What is required: Within the records below, find the line with "tato pestrá rybka" and the line with "台灣 JOGUMAN 正版授權系列", then reproduce exactly those two lines and all lines between them, without any picture.

**** Available data ****

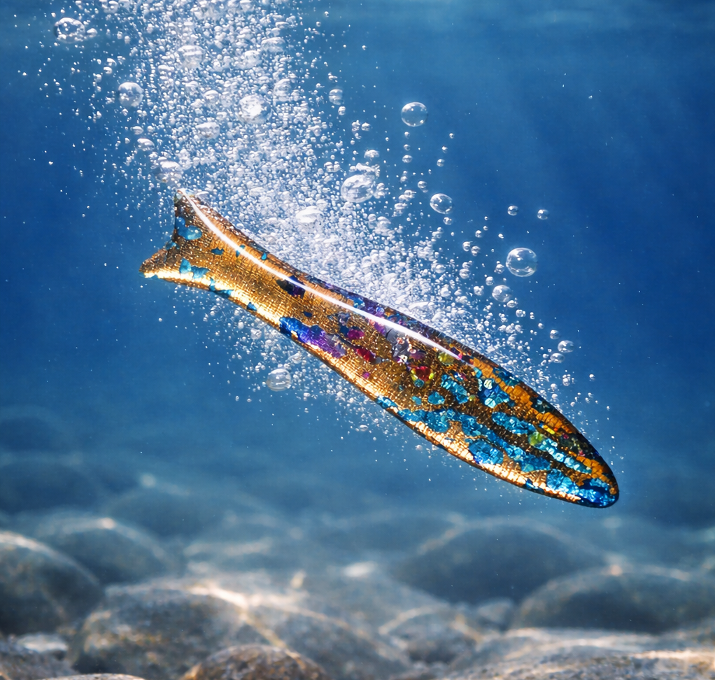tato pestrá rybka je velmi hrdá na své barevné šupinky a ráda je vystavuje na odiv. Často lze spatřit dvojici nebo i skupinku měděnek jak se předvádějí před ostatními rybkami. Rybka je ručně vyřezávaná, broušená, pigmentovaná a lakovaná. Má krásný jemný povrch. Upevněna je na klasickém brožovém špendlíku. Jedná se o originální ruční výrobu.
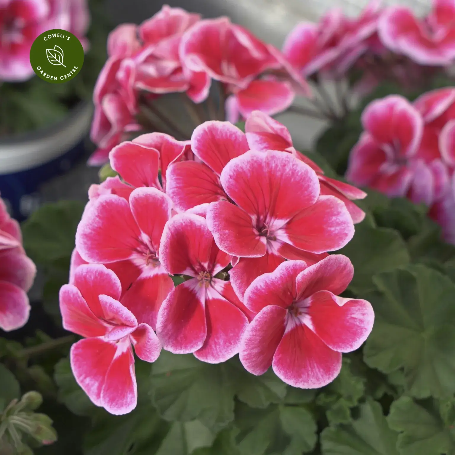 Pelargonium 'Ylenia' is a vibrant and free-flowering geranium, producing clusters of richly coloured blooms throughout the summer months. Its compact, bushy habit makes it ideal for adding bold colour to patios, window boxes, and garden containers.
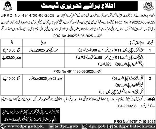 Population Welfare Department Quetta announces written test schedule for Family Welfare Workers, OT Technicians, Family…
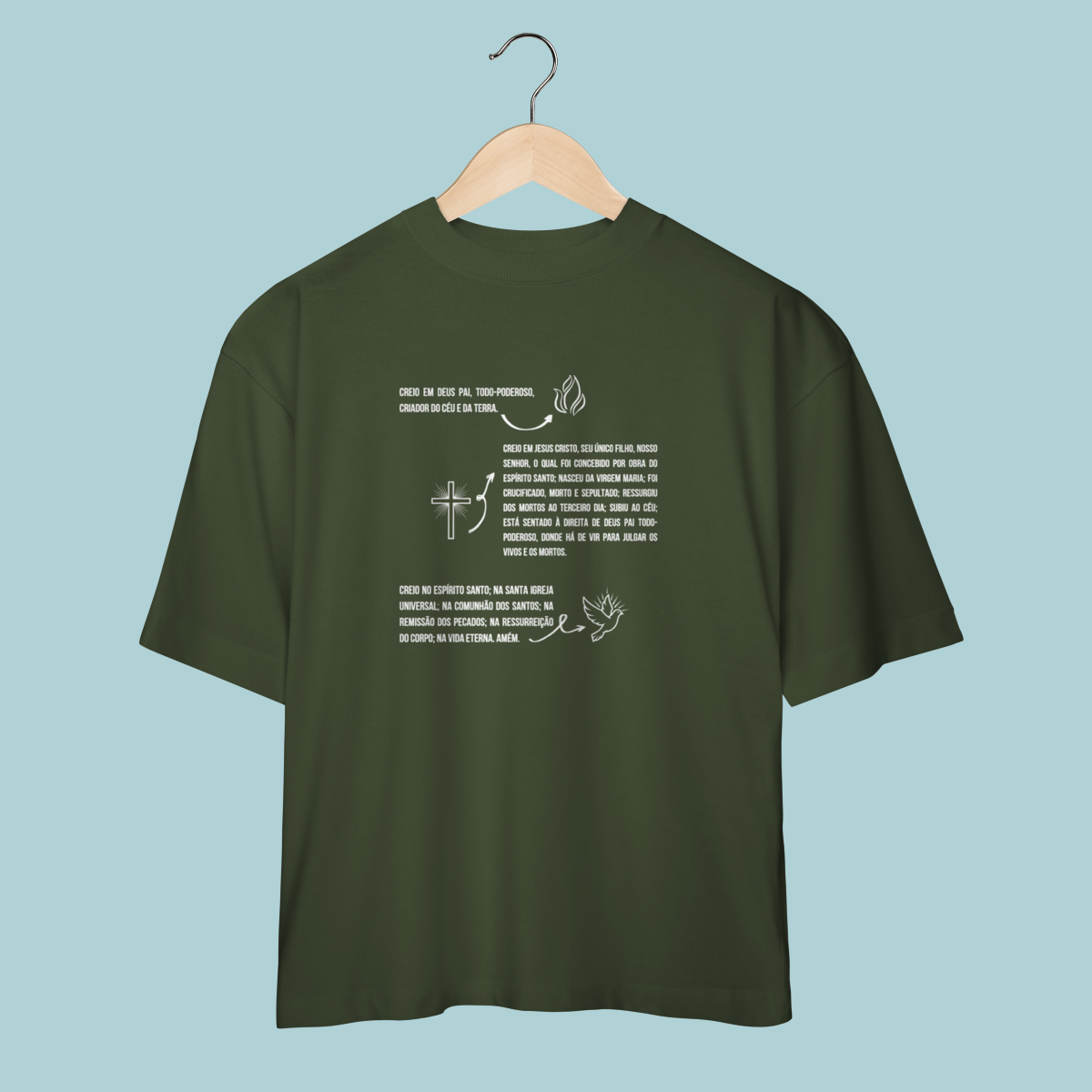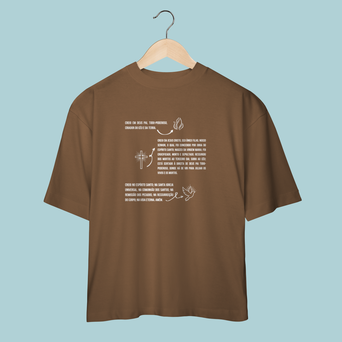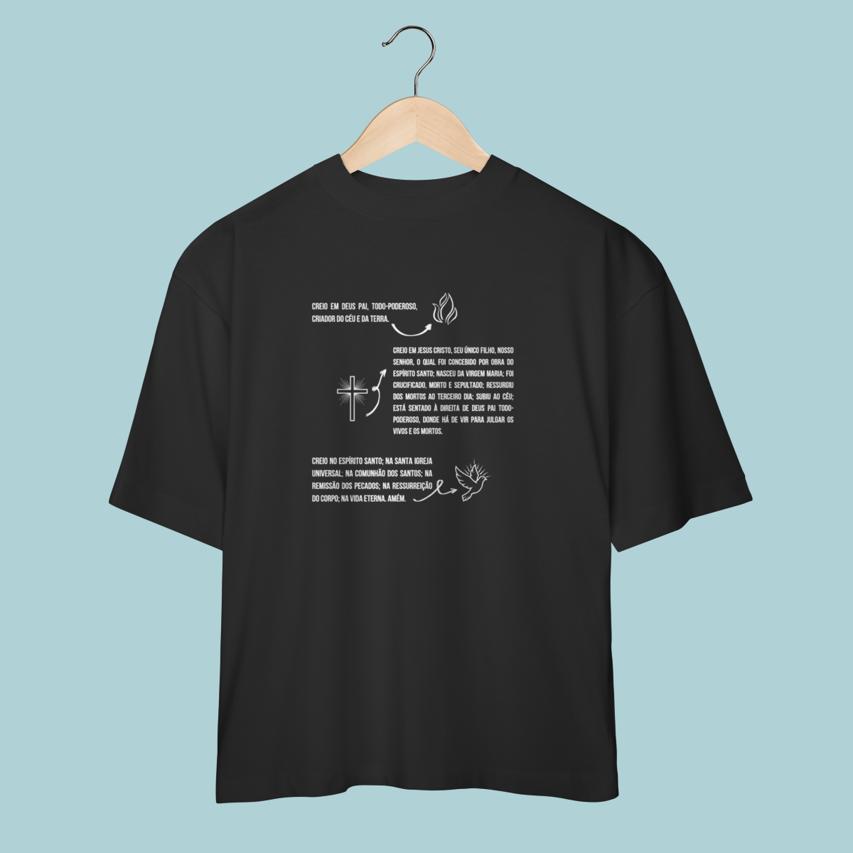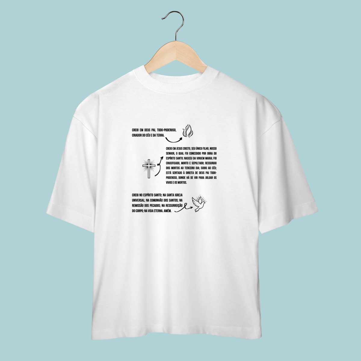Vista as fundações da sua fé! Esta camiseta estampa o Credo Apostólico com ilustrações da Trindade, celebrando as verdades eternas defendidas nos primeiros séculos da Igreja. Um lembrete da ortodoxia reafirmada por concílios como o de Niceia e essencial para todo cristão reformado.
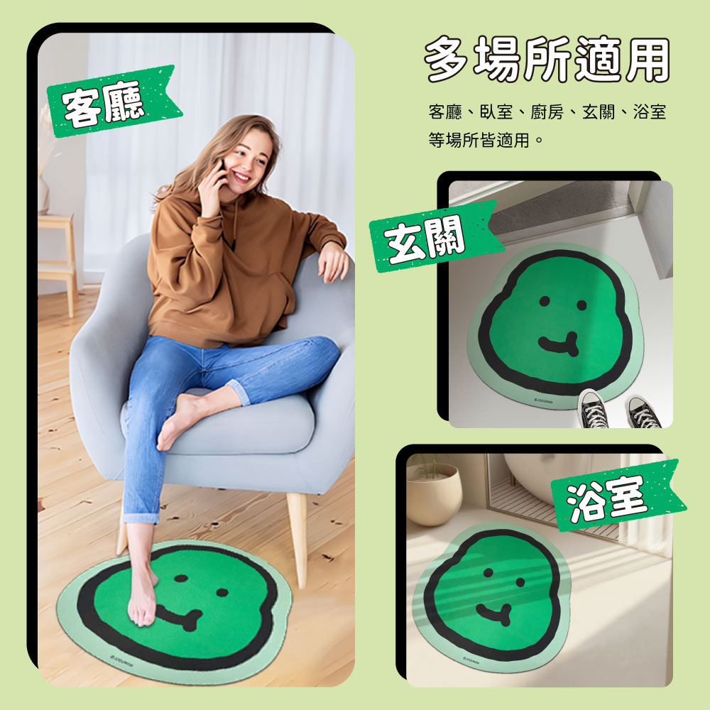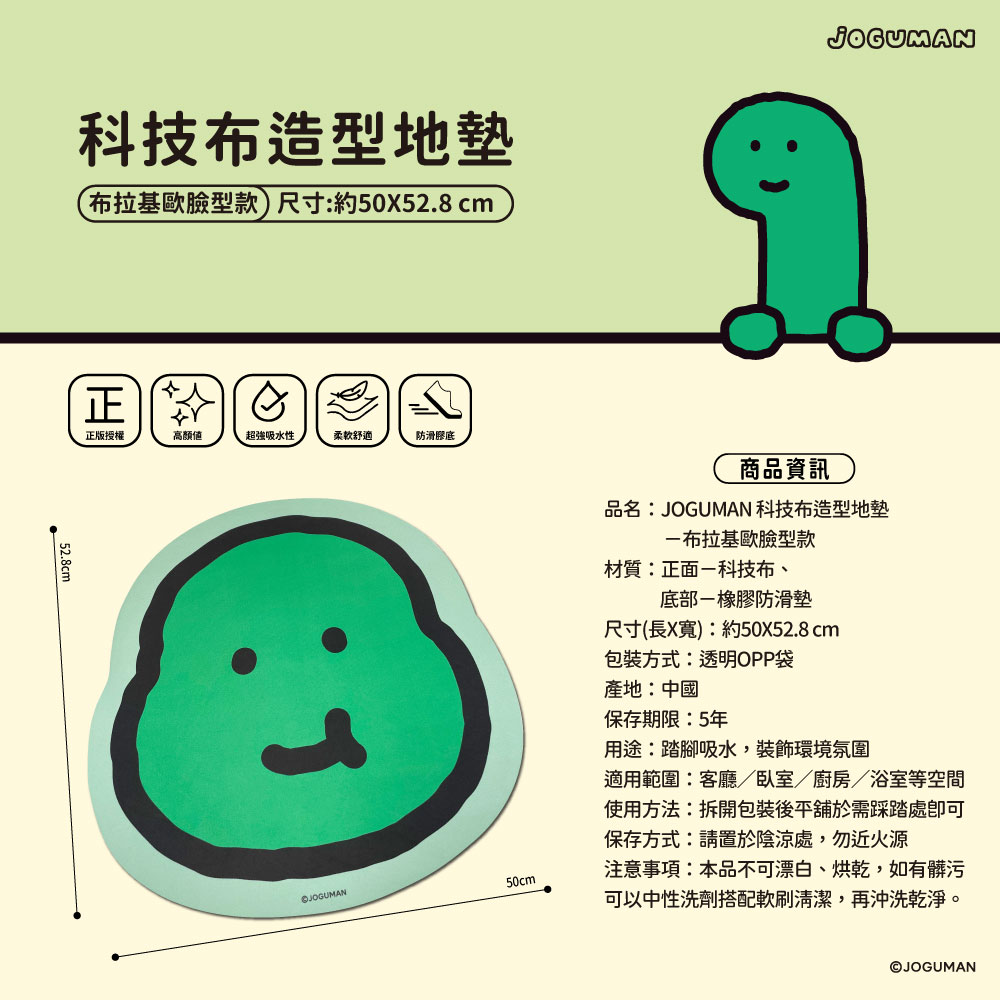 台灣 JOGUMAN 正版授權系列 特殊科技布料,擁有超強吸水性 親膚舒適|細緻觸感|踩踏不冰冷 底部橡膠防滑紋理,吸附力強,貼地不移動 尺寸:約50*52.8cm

****
**** Available data ****

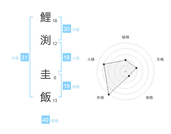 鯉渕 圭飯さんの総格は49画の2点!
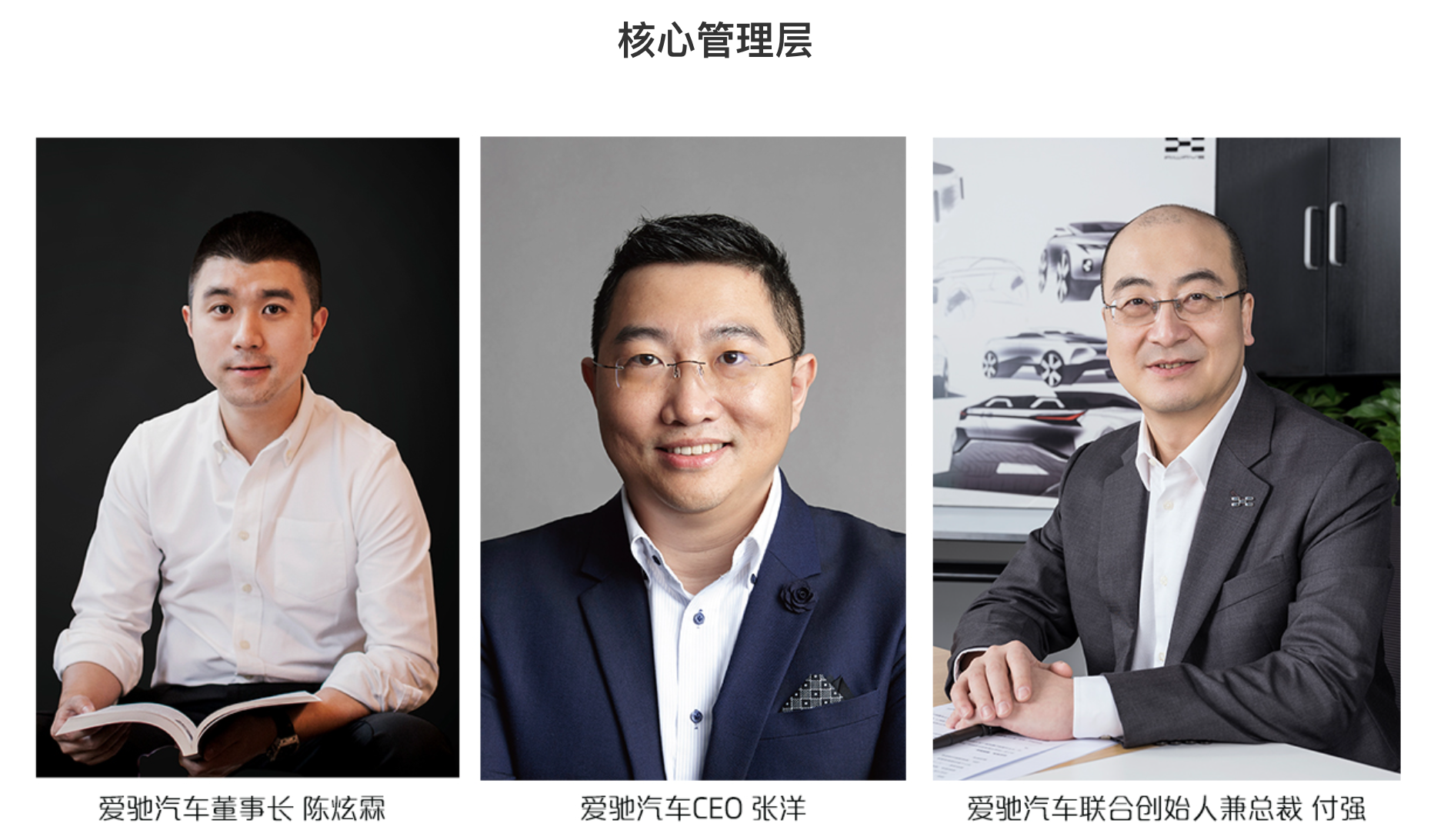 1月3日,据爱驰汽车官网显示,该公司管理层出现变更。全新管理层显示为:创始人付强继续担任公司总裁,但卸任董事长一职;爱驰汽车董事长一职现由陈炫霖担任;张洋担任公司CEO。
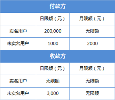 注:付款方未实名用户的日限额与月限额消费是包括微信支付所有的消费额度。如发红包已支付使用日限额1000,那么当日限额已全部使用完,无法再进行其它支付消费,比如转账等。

****

Written reply:
tato pestrá rybka je velmi hrdá na své barevné šupinky a ráda je vystavuje na odiv. Často lze spatřit dvojici nebo i skupinku měděnek jak se předvádějí před ostatními rybkami. Rybka je ručně vyřezávaná, broušená, pigmentovaná a lakovaná. Má krásný jemný povrch. Upevněna je na klasickém brožovém špendlíku. Jedná se o originální ruční výrobu.
 Pelargonium 'Ylenia' is a vibrant and free-flowering geranium, producing clusters of richly coloured blooms throughout the summer months. Its compact, bushy habit makes it ideal for adding bold colour to patios, window boxes, and garden containers.
 Population Welfare Department Quetta announces written test schedule for Family Welfare Workers, OT Technicians, Family…
Vista as fundações da sua fé! Esta camiseta estampa o Credo Apostólico com ilustrações da Trindade, celebrando as verdades eternas defendidas nos primeiros séculos da Igreja. Um lembrete da ortodoxia reafirmada por concílios como o de Niceia e essencial para todo cristão reformado.
 台灣 JOGUMAN 正版授權系列 特殊科技布料,擁有超強吸水性 親膚舒適|細緻觸感|踩踏不冰冷 底部橡膠防滑紋理,吸附力強,貼地不移動 尺寸:約50*52.8cm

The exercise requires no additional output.